The six-week delay was seen as a way for president Goodluck Jonathan to claw back votes after a strong challenge from Buhari, then an opposition candidate.

The same argument may be made again, with little to separate Buhari and Abubakar.

Rescheduling could also prove a headache for voters who travelled to their home states.

Whether they are able to do so again, or would want to will be closely watched.

The main candidates had also returned to cast their ballot – Buhari to the northwest state of Katsina, and Abubakar to Adamawa, in the northeast.

In many areas suffering intermittent electricity supply and poor road infrastructure, thousands of INEC agents had been working into the night to deliver election material

In Aba, in the southeast, hundreds of volunteers struggled to determine where they were to be deployed, on the eve of polling.
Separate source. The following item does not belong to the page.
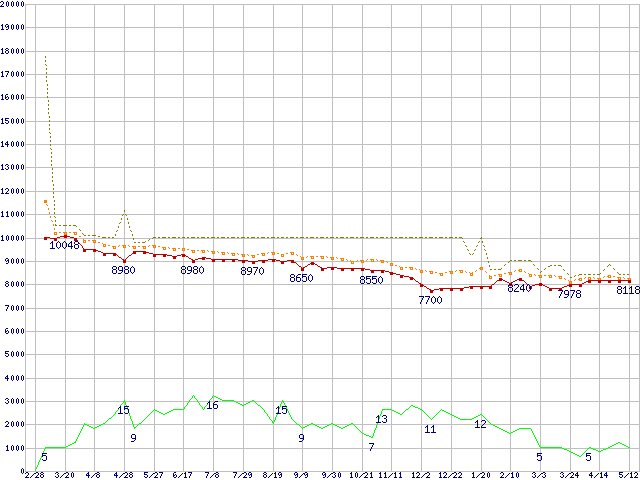 | WD Caviar WD1600BB (160GB)の価格推移 | | | (2004年2月28日~2005年5月12日) |

“I’ve been here 13 hours and I’ve still not seen my name on the lists. Where and how am I going to work tomorrow?” asked one woman.

Saturday’s last-gasp postponement comes after an election campaign in which Buhari had sought to portray himself as a continuity candidate.

He came to power in 2015 on a promise to defeat Boko Haram Islamists, tackle rampant corruption and improve the country’s oil-dependent economy.

But the jihadists still mount attacks and there is widening insecurity elsewhere, while slow growth as the economy limps back from recession has hit Buhari’s stock.

So, too, has the perception he has only targeted political opponents as part of his high-profile anti-corruption campaign, while he has also been accused of authoritarianism.

Buhari’s purported shortcomings have been a feature of Abubakar’s campaign, who has billed himself as a modern, energetic and pro-business leader.

The language of the campaign has reminded voters of the president’s former life as an army general who headed a military government in the 1980s.

Abubakar’s past has also featured prominently, as the ruling party resurrected controversies from his time as vice president and alleged links to corruption.

The election — the sixth in the 20 years since civilian rule was restored — is likely to be one of the last times men of Buhari and Abubakar’s generation will feature so prominently.

They have been fixtures on Nigeria’s turbulent political scene for decades and are the oldest on the ballot.

Just over half of the 84 million registered voters are aged 18-35, prompting calls for more representative candidates unburdened by involvement in Nigeria’s traumatic past.